### TASK INPUTS
+===+
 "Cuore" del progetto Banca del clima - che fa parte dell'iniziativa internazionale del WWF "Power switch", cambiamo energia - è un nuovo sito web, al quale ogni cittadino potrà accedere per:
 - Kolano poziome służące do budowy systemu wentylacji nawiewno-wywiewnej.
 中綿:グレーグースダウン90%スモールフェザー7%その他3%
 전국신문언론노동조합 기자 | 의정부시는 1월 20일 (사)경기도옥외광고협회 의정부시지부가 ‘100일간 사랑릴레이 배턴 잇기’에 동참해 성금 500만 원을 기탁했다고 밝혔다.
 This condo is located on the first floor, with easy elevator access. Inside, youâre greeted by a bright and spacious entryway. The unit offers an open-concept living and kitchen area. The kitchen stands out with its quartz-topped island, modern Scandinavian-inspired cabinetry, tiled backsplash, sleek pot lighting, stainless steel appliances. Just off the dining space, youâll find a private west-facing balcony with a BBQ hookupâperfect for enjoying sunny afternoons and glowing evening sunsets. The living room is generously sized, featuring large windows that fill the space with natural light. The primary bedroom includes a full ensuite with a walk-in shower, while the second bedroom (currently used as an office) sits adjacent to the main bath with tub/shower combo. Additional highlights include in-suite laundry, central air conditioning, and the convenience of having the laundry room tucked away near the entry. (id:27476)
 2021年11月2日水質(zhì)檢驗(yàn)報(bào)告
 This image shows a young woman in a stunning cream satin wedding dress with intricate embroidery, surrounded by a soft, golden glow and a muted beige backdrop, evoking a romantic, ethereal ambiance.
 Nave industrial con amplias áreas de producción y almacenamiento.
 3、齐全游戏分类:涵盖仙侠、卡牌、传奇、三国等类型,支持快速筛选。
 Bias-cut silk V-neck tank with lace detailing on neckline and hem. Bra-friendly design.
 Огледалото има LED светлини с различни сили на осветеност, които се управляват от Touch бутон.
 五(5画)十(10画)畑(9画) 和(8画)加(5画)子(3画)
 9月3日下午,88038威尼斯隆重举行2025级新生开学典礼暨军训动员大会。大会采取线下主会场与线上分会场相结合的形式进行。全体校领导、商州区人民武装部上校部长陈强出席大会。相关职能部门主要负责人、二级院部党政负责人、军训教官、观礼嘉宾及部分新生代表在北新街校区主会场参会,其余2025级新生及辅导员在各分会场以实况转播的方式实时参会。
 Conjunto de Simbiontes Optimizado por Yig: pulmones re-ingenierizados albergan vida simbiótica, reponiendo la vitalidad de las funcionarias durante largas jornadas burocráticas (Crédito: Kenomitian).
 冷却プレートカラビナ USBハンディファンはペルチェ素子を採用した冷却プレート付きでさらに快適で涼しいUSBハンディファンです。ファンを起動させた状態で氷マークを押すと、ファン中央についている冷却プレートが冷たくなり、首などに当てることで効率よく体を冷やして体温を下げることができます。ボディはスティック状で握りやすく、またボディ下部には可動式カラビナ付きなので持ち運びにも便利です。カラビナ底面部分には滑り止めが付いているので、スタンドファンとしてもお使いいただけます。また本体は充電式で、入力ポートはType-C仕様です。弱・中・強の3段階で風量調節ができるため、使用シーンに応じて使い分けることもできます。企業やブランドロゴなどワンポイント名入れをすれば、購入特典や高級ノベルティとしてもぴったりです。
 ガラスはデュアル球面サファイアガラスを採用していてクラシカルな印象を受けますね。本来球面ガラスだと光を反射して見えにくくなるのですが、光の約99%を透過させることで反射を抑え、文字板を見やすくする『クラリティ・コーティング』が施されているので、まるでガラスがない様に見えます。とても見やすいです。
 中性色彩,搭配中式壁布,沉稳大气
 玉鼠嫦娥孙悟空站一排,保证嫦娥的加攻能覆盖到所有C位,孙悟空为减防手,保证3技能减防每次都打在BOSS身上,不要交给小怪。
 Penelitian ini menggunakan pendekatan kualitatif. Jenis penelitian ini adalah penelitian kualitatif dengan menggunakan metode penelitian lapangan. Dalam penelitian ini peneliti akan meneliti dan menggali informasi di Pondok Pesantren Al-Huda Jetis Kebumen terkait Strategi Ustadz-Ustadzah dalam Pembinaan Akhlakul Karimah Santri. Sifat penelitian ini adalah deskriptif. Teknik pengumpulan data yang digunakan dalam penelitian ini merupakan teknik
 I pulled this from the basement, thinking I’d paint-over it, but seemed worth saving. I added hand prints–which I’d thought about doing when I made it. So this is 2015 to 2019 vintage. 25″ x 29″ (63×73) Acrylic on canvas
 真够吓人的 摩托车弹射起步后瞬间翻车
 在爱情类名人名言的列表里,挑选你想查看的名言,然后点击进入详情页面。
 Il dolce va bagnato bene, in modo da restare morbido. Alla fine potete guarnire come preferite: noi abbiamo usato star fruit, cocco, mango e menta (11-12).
+===+
### WORK ORDER
Look above for the line with "This image shows" and the line with "9月3日下午,88038威尼". Write out those two lines and all the lines between them, exactly, and no others.

### RESPONSE BELOW
 This image shows a young woman in a stunning cream satin wedding dress with intricate embroidery, surrounded by a soft, golden glow and a muted beige backdrop, evoking a romantic, ethereal ambiance.
 Nave industrial con amplias áreas de producción y almacenamiento.
 3、齐全游戏分类:涵盖仙侠、卡牌、传奇、三国等类型,支持快速筛选。
 Bias-cut silk V-neck tank with lace detailing on neckline and hem. Bra-friendly design.
 Огледалото има LED светлини с различни сили на осветеност, които се управляват от Touch бутон.
 五(5画)十(10画)畑(9画) 和(8画)加(5画)子(3画)
 9月3日下午,88038威尼斯隆重举行2025级新生开学典礼暨军训动员大会。大会采取线下主会场与线上分会场相结合的形式进行。全体校领导、商州区人民武装部上校部长陈强出席大会。相关职能部门主要负责人、二级院部党政负责人、军训教官、观礼嘉宾及部分新生代表在北新街校区主会场参会,其余2025级新生及辅导员在各分会场以实况转播的方式实时参会。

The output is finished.